Immigration authorities have confiscated potentially life-saving cannabis medication after a mother and her epileptic son returned from a 7,000 mile weekend round trip to collect it.
Charlotte Caldwell bought the cannabis oil – which keeps her sick son seizure free – legally in Canada and announced she would be “openly smuggling” it into the UK in protest against the UK’s drug laws.
Twelve-year-old Billy Caldwell made history when he became the first UK recipient of an NHS prescription for cannabis.
Without the drug, he has up to 100 potentially fatal seizures a day but last week the Home Office told his family doctor to stop giving out the drug or face disbarment.
On Thursday, a day before the family’s supply ran out, Caldwell took the dramatic decision to fly to Toronto to get more.

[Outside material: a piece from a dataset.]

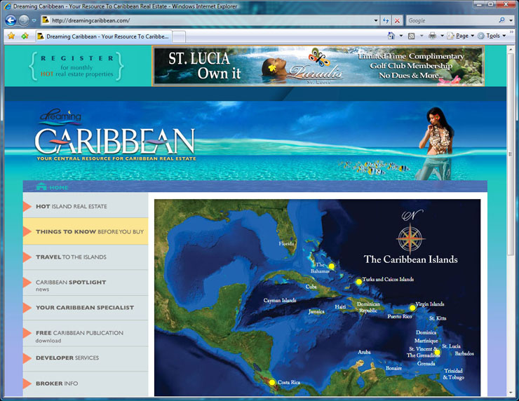 300 page website for Caribbean travel. Interactive loaction map, directory of hotels/realestate and travel information.

The medication was confiscated at London’s Heathrow airport by officials who said it is not certified for use in the UK.
“I’m just going to turn around and go get some more; and keep doing so until the UK authorities see sense. I take the view that I’d rather have my son illegally alive than legally dead. This is the scenario that the phrase ‘no brainer’ was invented for,” said Caldwell.
Conservative MP Dan Poulter, who is a doctor and who has been supporting the Caldwells, said: “The current law is ridiculous; there is growing evidence that cannabis products used medically can be helpful in treating a number of conditions, but yet is still seen through the prism of illegality here in the UK.”
He said it was inhumane to confiscate the medication when it is legal in so many other countries.
He added: “This is bound to have a devastating effect on Billy and his family and I will continue to do all that I can to help bring about this much needed change in our law.”
Ms Caldwell, from Castlederg in Co Tyrone, told a press conference at Heathrow: “It’s Billy’s anti-epileptic medication … it’s not some sort of joint full of recreational cannabis, it is his anti-epileptic medication that he has taken off me at the airport today.
“I will just go back to Canada and get more and I will bring it back again because my son has a right to have his anti-epileptic medication in his country, in his own home.
“Let me tell you something now: we will not stop, we are not going to stop, we are not going to give up, we have love, hope, faith for our kids and we are going to continue.”
She said she will be meeting Mr Hurd at the Home Office this afternoon to plead to get the oil back.